Training an AI to Spot Parkinson’s Patterns

With these measurements in hand, the researchers built computer models to tell Parkinson’s scans from healthy ones. Because their dataset was modest, they first used feature-selection techniques to pare down the 22 measurements to the most informative subset, reducing noise and overfitting. They then trained several common machine-learning algorithms, including decision-tree–based methods and a k-nearest neighbors classifier. Finally, they combined the three strongest performers—XGBoost, Random Forest, and K-Nearest Neighbors—into a weighted “ensemble,” so that each model’s vote counted in proportion to how well it tended to perform.

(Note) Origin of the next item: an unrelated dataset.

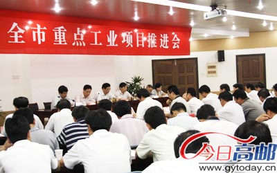 30日,市委、市政府举行全市重点工业项目推进会,对重点工业项目建设进行再督查、再推进。与会人员现场观摩了顺大多晶硅铸锭、太阳能用玻璃、红旗电缆、曙光电缆、吉信远望船舶、康宝电器、卫星卷烟材料、润华电缆以及金业盈辉科技、江标集团等项目建设现场。市领导陈扬、夏正祥、王正年、尤泽勇、汤学仁、王薇参加推进会。

What the Models Found in the Retina

Compared with healthy volunteers, people with Parkinson’s showed clear signs of altered retinal microcirculation. Measures of vessel density were lower, and the central foveal zone tended to be less regular in shape—less round, less smooth, and less solid—across both superficial and deep vessel layers. When tested on previously unseen data, the ensemble model correctly classified about three out of four eyes overall. Most notably, it reached 90% sensitivity: it correctly identified nine in ten Parkinson’s cases. Specificity was more modest, just over half, meaning some healthy individuals were incorrectly flagged as having disease. The area under the receiver operating characteristic curve, a common summary of diagnostic performance, was 0.75, indicating useful but not definitive discrimination.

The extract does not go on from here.